I’m a pretty neurotic person. Worrying about anything–from the possibility of having an aneurysm to whether I cooked the meat well enough to whether I’m good enough to doubting the soundness of having a kid and making him/her live in the world at its current state–has always been a constant in my life. Call it my “guilty pleasure”.
Sometimes it’s worse than just the worrying. The smallest things could change my disposition throughout the day. I get upset and snap at Timmy for the silliest of reasons. Oftentimes, perhaps more frequently than I prefer, I get the blues. Timmy knows this, lives with this, and it’s not easy to see my gloomy disposition affecting him. I try my best to not let it show, but it never works since he knows me too much.

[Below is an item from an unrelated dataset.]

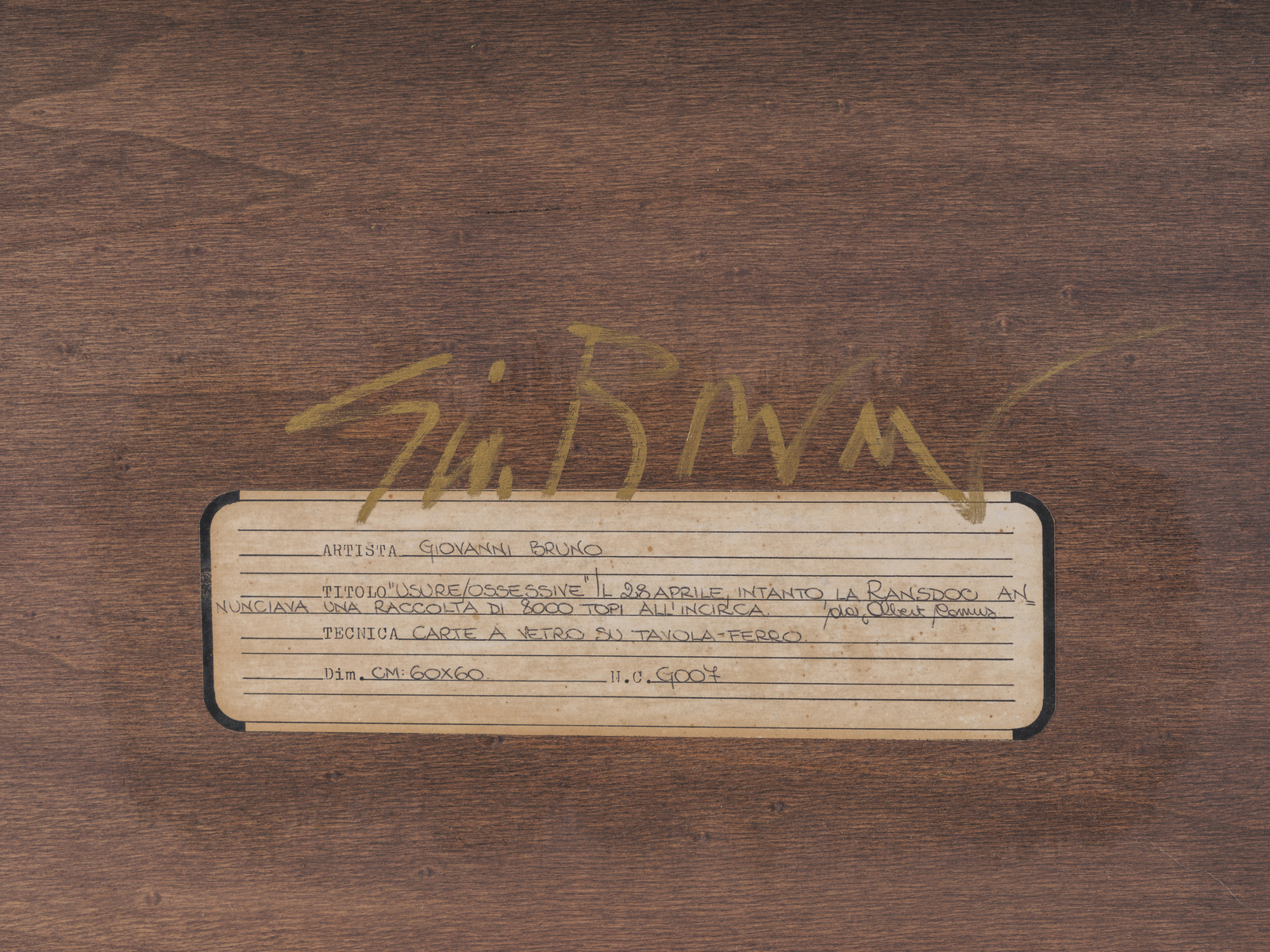 BRUNO GIOVANNI (n. 1961) Usure/Ossessive. Tecnica mista su tavola. Cm 57,00 x 57,00. Al retro firma e cartiglio descrittivo dell'artista. Cornice presente
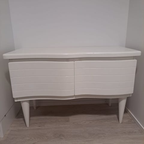 Kaunis ja siro puinen senkki. Senkki on kompaktin kokoinen, väritys kauniin sinertävä. Pääasiassa hyväkuntoinen, mutta ei toki uuden veroinen. Pieniä käytön jälkiä, nämä huomioitu hinnassa. Yhteen laatikkoon avain.

“Talk to me.” That’s what he would always say.
And we do. At times right away. Other times, I can’t get myself to tell him the things that bother me until right before bedtime. During those times we’d stay up and lose sleep to talk things out. It doesn’t always fix things, but it always makes it better.
When the bad days come, though, it takes just one look at his sad face and the blues start to dissipate. Not because I enjoy seeing his pain. I’m not schadenfreude-ing my own Timmy! Let me explain better.
It’s because seeing him sad is torture. And if me being more cheerful would replace his frown with a smile, I’d do it as quickly as I can. Sometimes it’s instant. Sometimes it takes a lot of work and will.
When it gets really hard, Timmy reminds me that it’s okay to be sad. He only has one request whenever it happens: to not push him away.
And he is right. It’s okay to be sad and gloomy at times. That’s a part of life. Having someone to love and love you so much won’t get you a free pass from that.
What’s not okay is making the other person feel alone.
So, you know, if you love someone, try to avoid that. Not just with your significant other, but even with your family and friends. There aren’t many worse things that you could do to the people you love than isolating them. Life is too short to spend most of it alone.